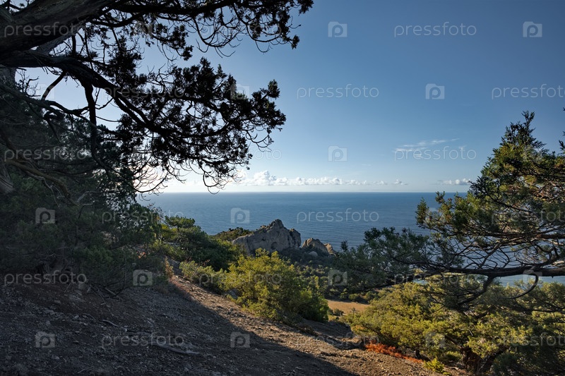 Россия, Республика Крым. Вид с труднодоступной туристической тропы на берег Черного моря недалеко от города Судак
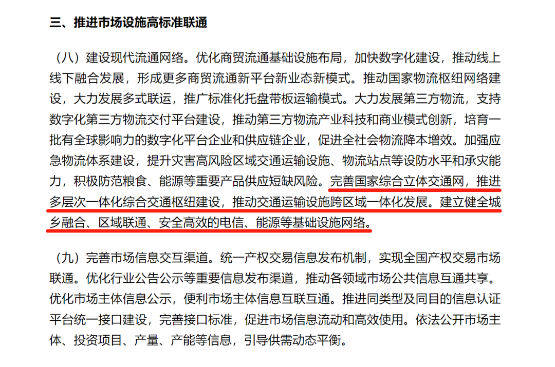 這一條剩下的部分,是完善國家綜合立體交通網。這就是睡前消息之前經常關注的斷頭路和外地車牌問題。這方面最嚴重的問題集中在北京。因為北京一方面卡住了東北和內蒙古南下的通道,另一方面嵌入了河北省內部,阻擋了河北省的內部物流,就看北京什麼時候給外地做個榜樣。
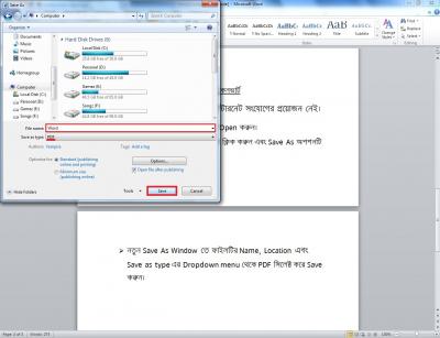 ► নতুন Save As Window তে ফাইলটির Name, Location এবং Save as type এর Dropdown menu থেকে PDF সিলেক্ট করে Save করুন।
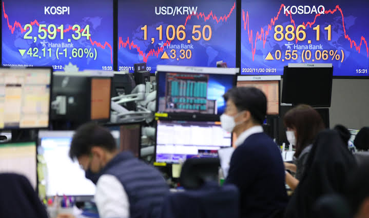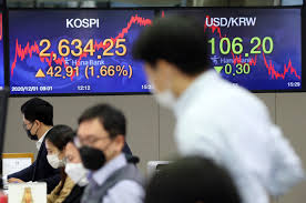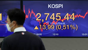 Indeks Kospi di Bursa Efek Korea, Seoul, Korea Selatan,...
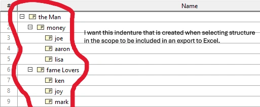 Is there a way to export a table from Cameo Systems modeler version 2022x R2 and get the indenture to transfer into excel? How does the tool handle the indenture? Can it be replicated with a script?
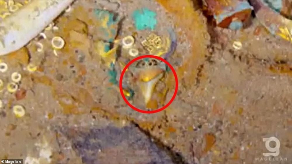Тепер під час перегляду знятого матеріалу фахівці помітили характерну форму акулячого зуба та при найближчому розгляді зрозуміли, що це намисто.
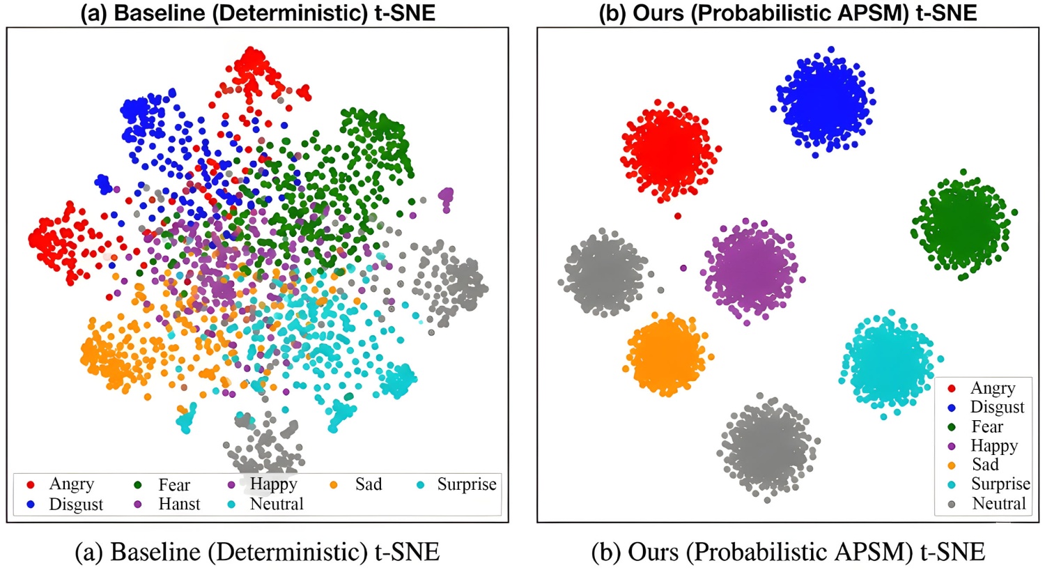 Figure 4. Visualization comparison of t-SNE feature space distributions between the Baseline (a) and our APSM method (b) on the RAF-DB dataset
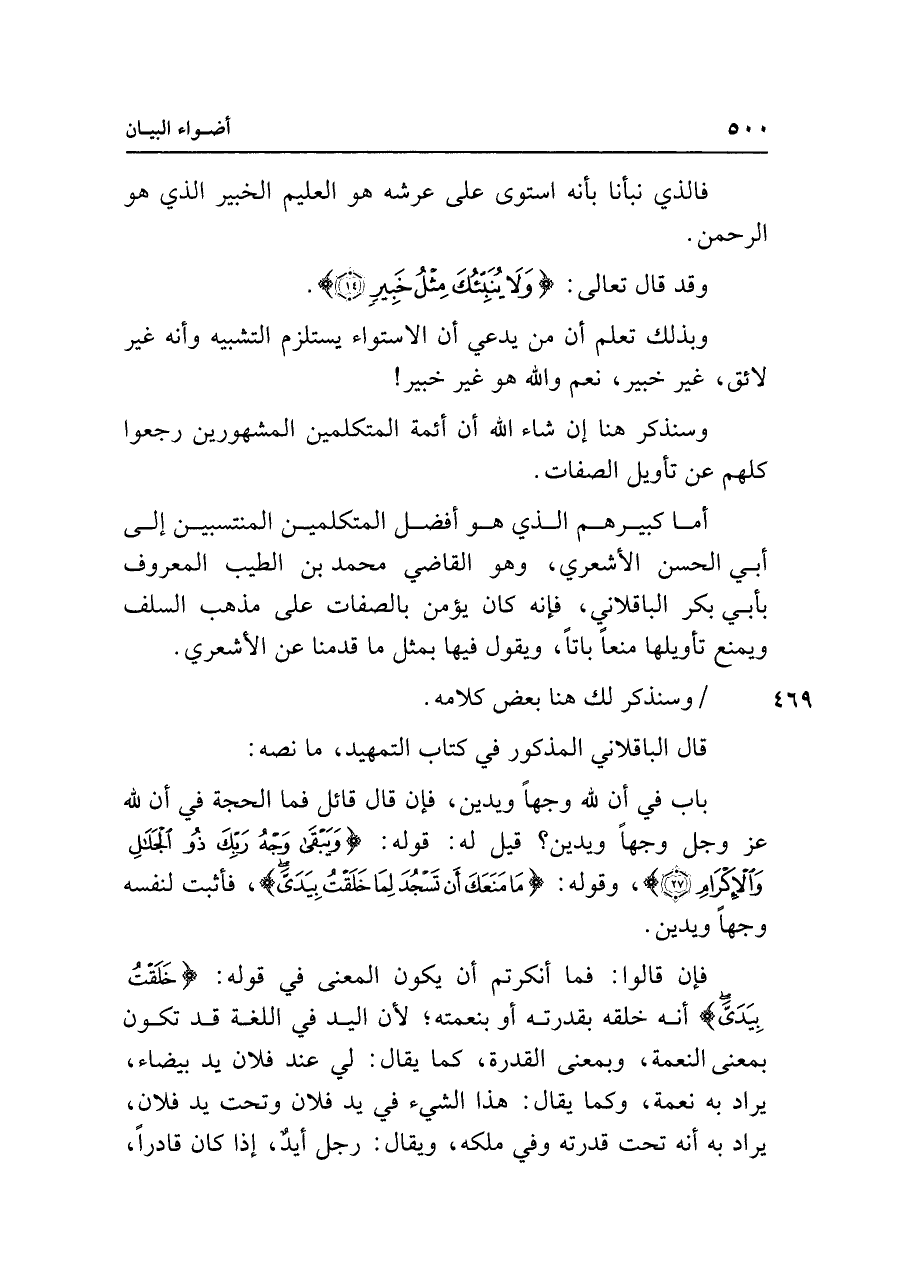 أما كبيرهم الذي هو أفضل المتكلمين المنتسبين إلى أبي الحسن الأشعري، وهو القاضي محمد بن الطيب المعروف بأبي بكر الباقلاني، فإنه كان يؤمن بالصفات على مذهب السلف ويمنع تأويلها منعًا باتًا، ويقول فيها بمثل ما قدمنا عن الأشعري.
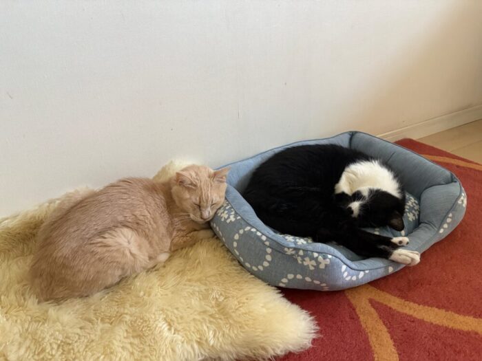 ネコたちはそれぞれお気に入りの暖かい場所で寝ています
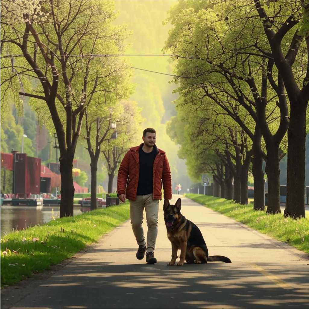 Стояла чудесная майская погода. Радостно галдели птицы, солнечный свет проникал сквозь ветви деревьев. Уже набухла и готовилась распуститься сирень во дворе. В окружении цветущего яблоневого сада виднелся большой красивый дом с балконом и окнами в пол. На террасе дома лежала большая немецкая овчарка. А рядом, на крылечке деловито умывался рыжий полосатый кот с пушистым хвостом.
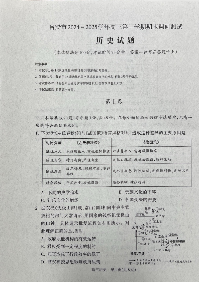 山西省吕梁市2024-2025学年高三上学期期末考试 历史.pdf
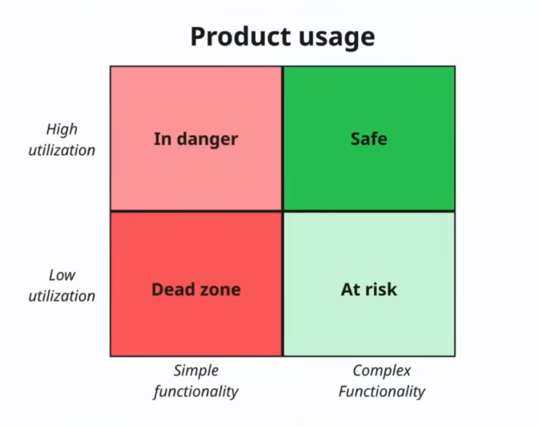 Elena 用了一个 2×2 矩阵来说明这个问题,横轴是简单功能 vs 复杂功能,纵轴是高使用率 vs 低使用率。如果你有很多复杂的、难以复制、难以用 vibe coding 做出来的功能,而且这些功能使用率很高,那你在安全区。如果你有复杂功能但使用率低,那就想办法提高使用率。但如果你有的是简单功能,而这些简单功能恰恰是被高频使用的,那你必须重新思考产品策略了。
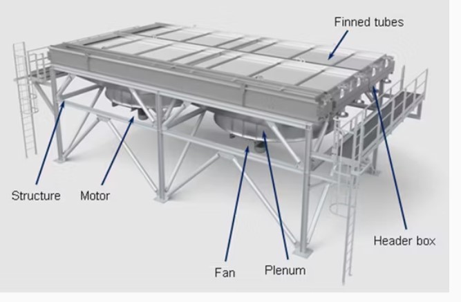 when excess or bypass steam enters the dump condenser, which is a network of tubes surrounded by fins, fans drive ambient air across these fins and tubes. The air absorbs heat from the steam, cooling and condensing it into liquid. This condensed water is collected and typically returned to the system for reuse. This process manages steam pressure fluctuations and prevents excess steam released into the atmosphere
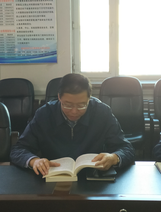 学院副院长李勇军同志带领学习《汇编》中《广大干部特别是年轻干部要做到信念坚,政治强,本领高、作风硬》篇章。李院长强调,高校是培养社会主义建设者和接班人的重要阵地,作为高校党员干部,要树立高标准,做好思想引领,增强贯彻落实的政治自觉、思想自觉和行动自觉,担当实干,履职尽责,积极投身学院的改革发展建设当中。
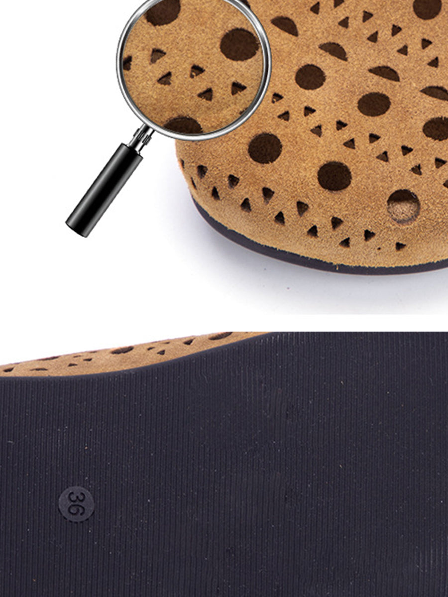 Pantoufles d'été ajourées en cuir véritable pour femmes

> **TASK**
Set down, word for word, only the lines running from the line with "山西省吕梁市2024-2025学年高三上学期期末考试 历史.pdf" through the final line of the entries above, omitting all pictures.

> **WRITTEN RESPONSE**
 山西省吕梁市2024-2025学年高三上学期期末考试 历史.pdf
 Elena 用了一个 2×2 矩阵来说明这个问题,横轴是简单功能 vs 复杂功能,纵轴是高使用率 vs 低使用率。如果你有很多复杂的、难以复制、难以用 vibe coding 做出来的功能,而且这些功能使用率很高,那你在安全区。如果你有复杂功能但使用率低,那就想办法提高使用率。但如果你有的是简单功能,而这些简单功能恰恰是被高频使用的,那你必须重新思考产品策略了。
 when excess or bypass steam enters the dump condenser, which is a network of tubes surrounded by fins, fans drive ambient air across these fins and tubes. The air absorbs heat from the steam, cooling and condensing it into liquid. This condensed water is collected and typically returned to the system for reuse. This process manages steam pressure fluctuations and prevents excess steam released into the atmosphere
 学院副院长李勇军同志带领学习《汇编》中《广大干部特别是年轻干部要做到信念坚,政治强,本领高、作风硬》篇章。李院长强调,高校是培养社会主义建设者和接班人的重要阵地,作为高校党员干部,要树立高标准,做好思想引领,增强贯彻落实的政治自觉、思想自觉和行动自觉,担当实干,履职尽责,积极投身学院的改革发展建设当中。
 Pantoufles d'été ajourées en cuir véritable pour femmes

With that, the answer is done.